Text from my mom, after watching my sons all day:
“Did the boys show you the movie they made that’s 17 minutes long and is the most boring thing on earth?”
I was so busy yesterday, my smart phone had 75% battery left at the end of the day.
My problem with McDonalds is I can’t go retrieve my kids in the play tubes because I can’t fit in the play tubes because I eat at McDonalds.
People don’t frolic enough anymore.
FROLIC YOU PIECES OF SHIT
Interviewer: How would you describe yourself?
Me: Verbally. But I’ve also prepared a dance.
Feeling pretty tough lately and thinking about joining a gang. Any of you guys need an accountant?
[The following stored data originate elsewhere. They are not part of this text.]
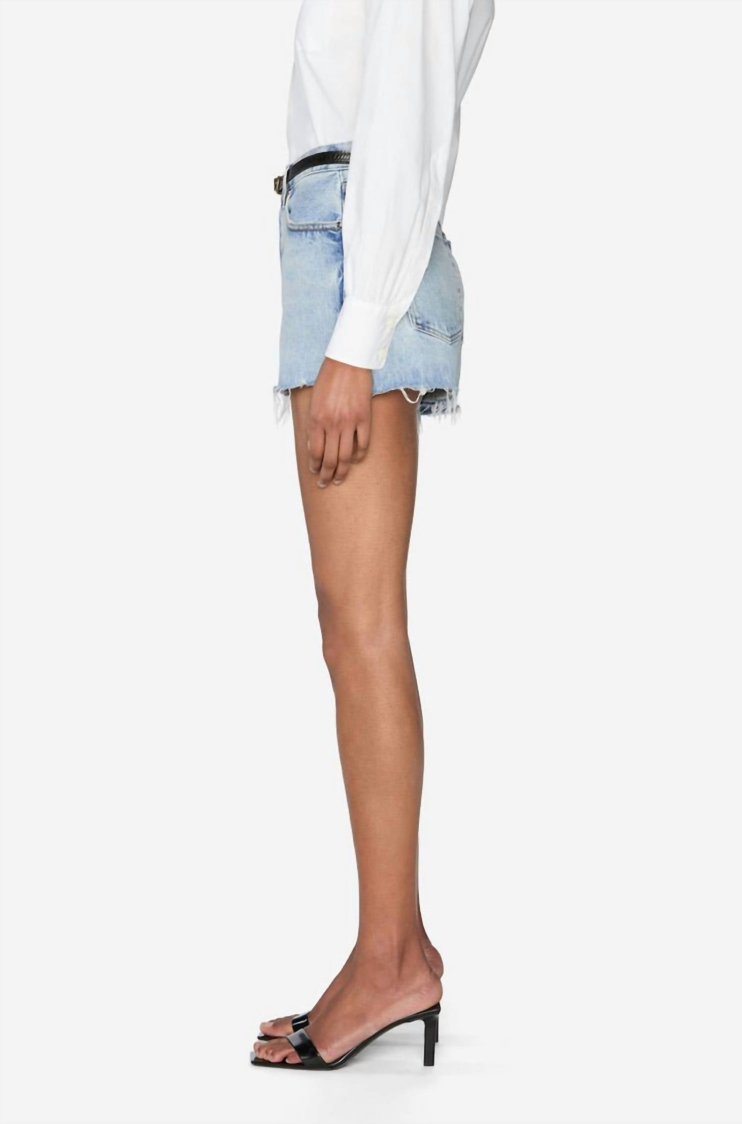 Presenting the Dare Cotton Short by FRAME, an audacious addition to your summer wardrobe. These jean shorts are crafted from 100% cotton, offering a mid-rise fit in a solid blue light wash. They feature raw fray hems and a zip closure, capturing a vintage essence perfect for streetwear and travel occasions alike. Care for these daring shorts is a breeze with machine wash and tumble dry instructions.
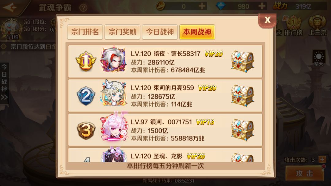 (2)本周战神:新增本周战神排行榜,魂师大人们可以通过武魂争霸玩法内的排行榜功能查看。本周战神将记录玩家一周内的总伤害值进行排名,排名前10的玩家将给宗门所有成员带来钻石福利奖励。
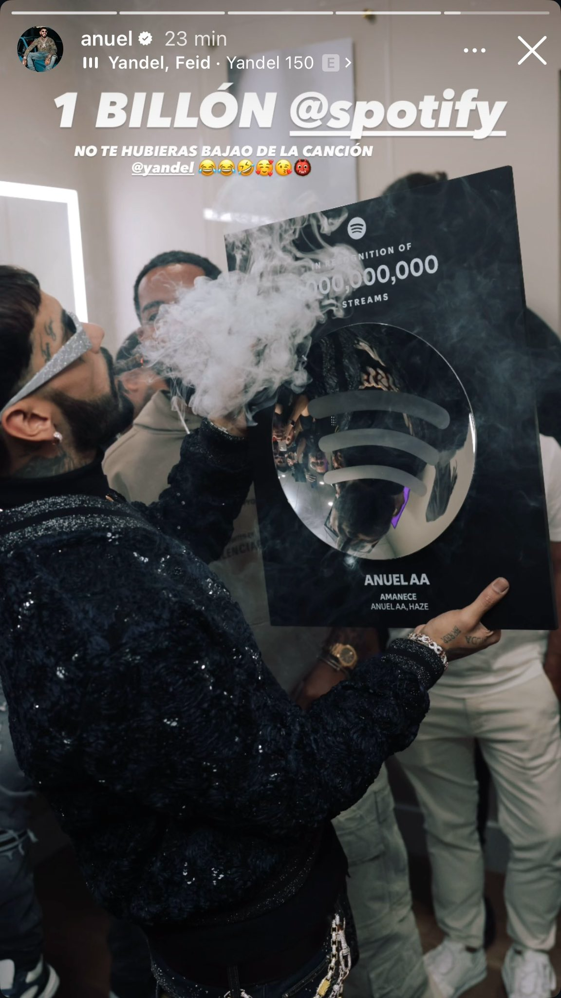 La historia de Instagram muestra a Anuel mirando fijamente la placa de certificación, mientras exhala humo de tabaco sobre ella. El cantante acompañó esta foto con el siguiente mensaje: “No te hubieras bajao de la canción, Yandel”.
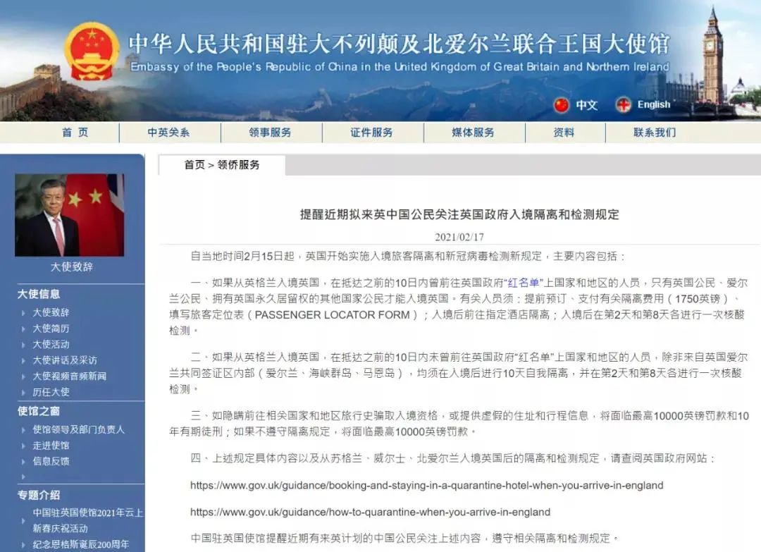 关于核酸检测的阴性证明报告,英国政府写明只接受英文报告原件,不接受翻译件(纸质版或电子版均可)。
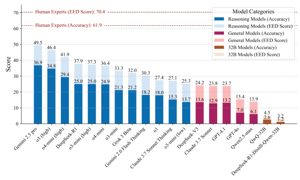 结果显示,即使是最强的 Gemini 2.5 pro,也只能答对 36.9% 的题目,EED 评分 49.5%。而 “人类专家” 们则轻松碾压,平均正确率高达 61.9%,EED 评分高达 70.5%。 排名前 25% 的受试者更是达到了 71.4% 的正确率 —— 几乎是最强 AI 的两倍。其他模型与人类的差距则更为显著。这一显著差距揭示了现阶段 LLM 在在物理推理场景中的瓶颈。
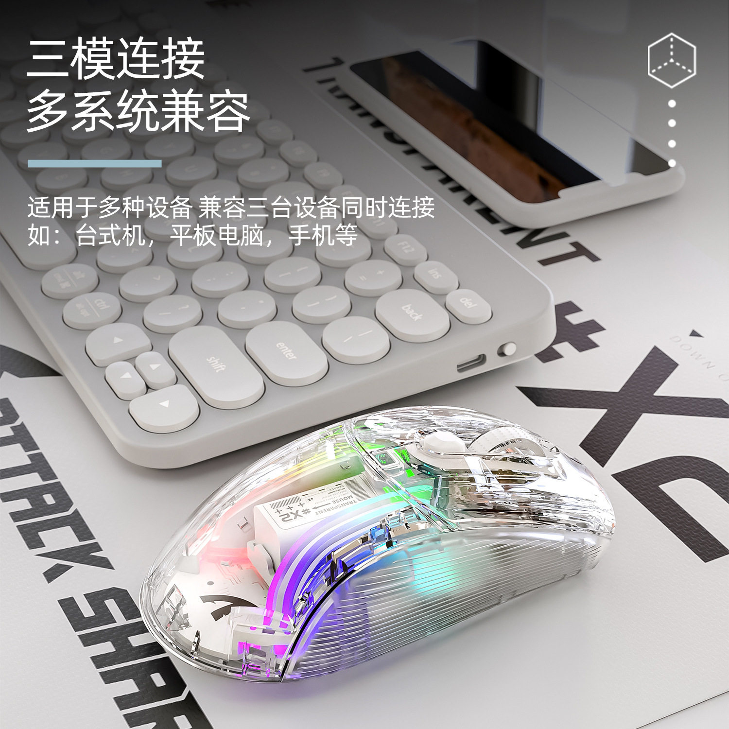 📚 Attack Shark 攻击鲨X2RGB三模无线鼠标轻量化电竞游戏蓝牙鼠标
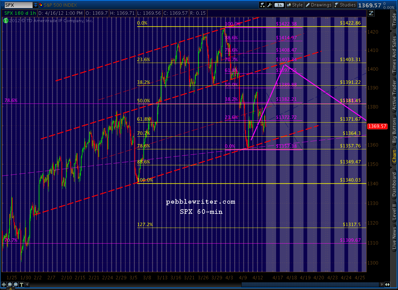 A perfectly formed H&S pattern would mean a right shoulder in the 1400 range. Though, as we pointed out yesterday, we already have enough of a right shoulder to matter.
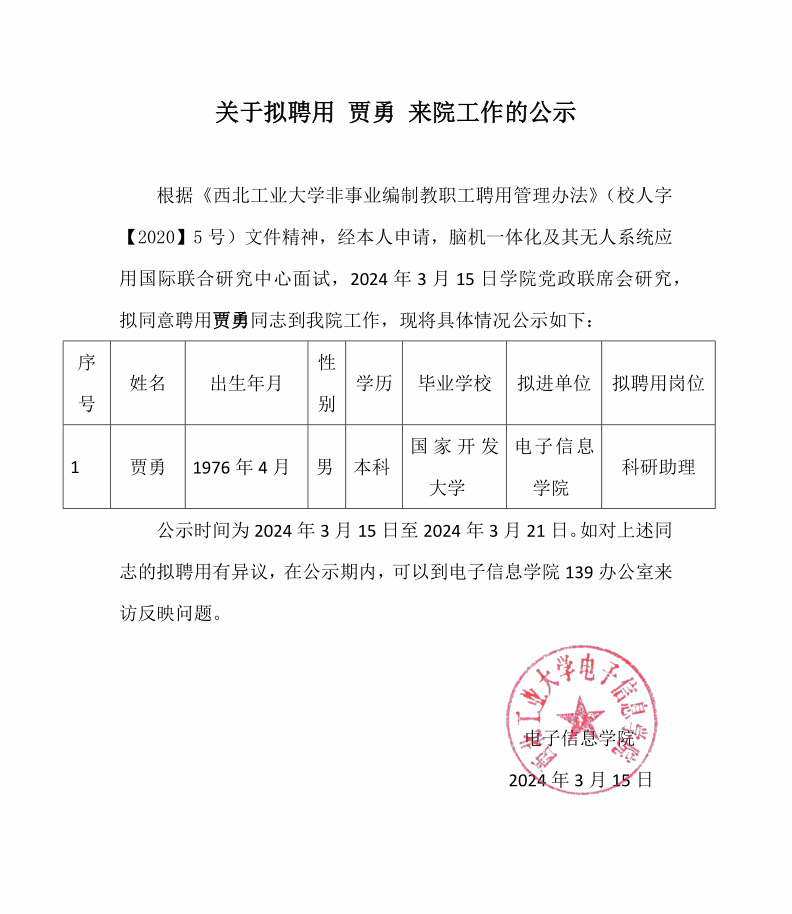 关于拟聘用 贾勇 来院工作的公示
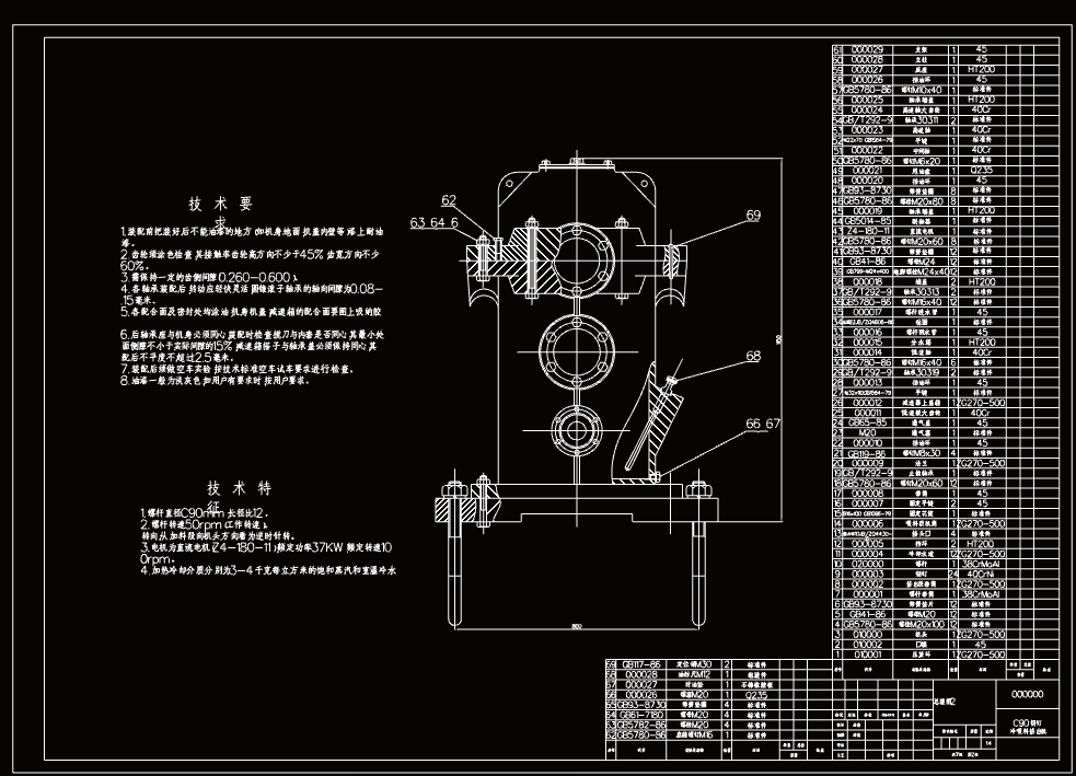 冷喂料挤出机设计图纸包含二维装配图、零件图等。冷喂料挤出机经历过三个阶段的发展,直到目前的销钉冷喂料橡胶挤出机,不仅使挤出性能得到了很大的提升,且由于具有塑化的性能好、排胶的温度低、挤出量大的特点,使其在橡胶工业生产中,取得了越来越广泛的应用。
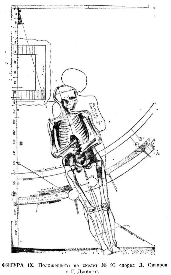 Фигура IX. Положението на скелет № 95 според Д. Овчаров и Г. Джингов
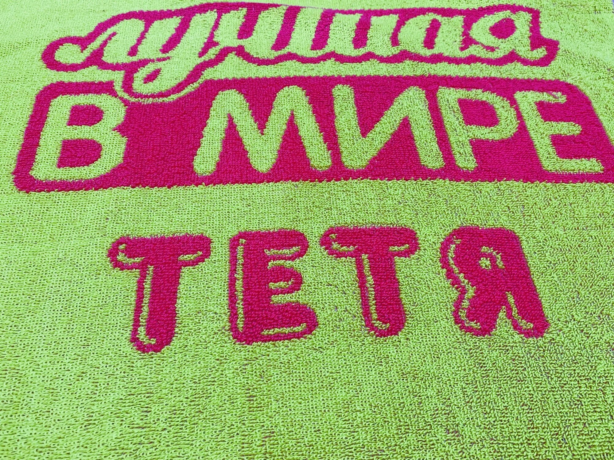 Купить Полотенце махровое в подарок Лучшей в мире Тете 50*90 см Салатово-Розовое
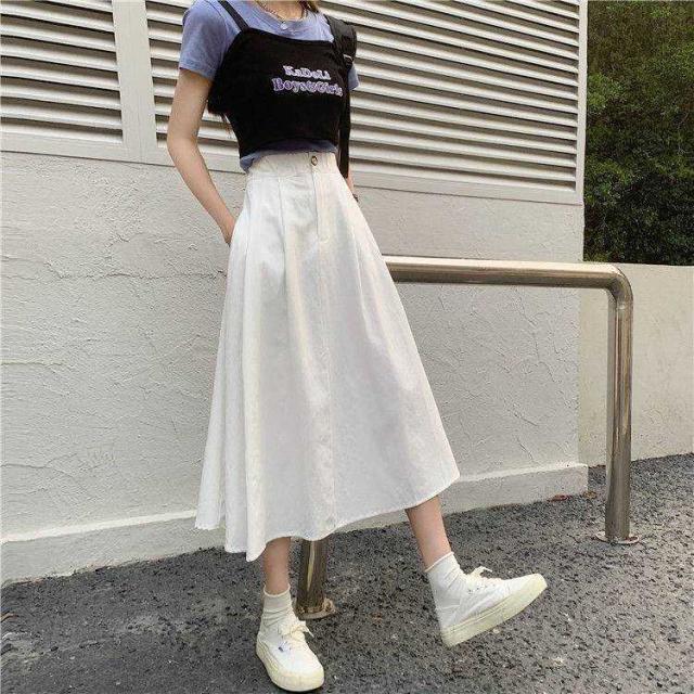 ハリのあるハンサムな質感がこなれたAラインスカートです。

WIFE: Your heavy drinking is making you delusional
ME: *turns to friend* Do you think that’s true?
WOLVERINE: Nah, don’t listen to her
I just tried to put my coffee pot in the refrigerator. I obviously slept very well and I’m on the way to a fabulous day.
If any of you have 3 hours to kill our youngest has a great story about how she picked her favorite color.
[a food doesn’t agree with me] i don’t recall asking for your opinion
*Myself at the doctor*
Is this test absolutely necessary?*Taking my dog to the Vet*
Whatever test is necessary, spare no expense.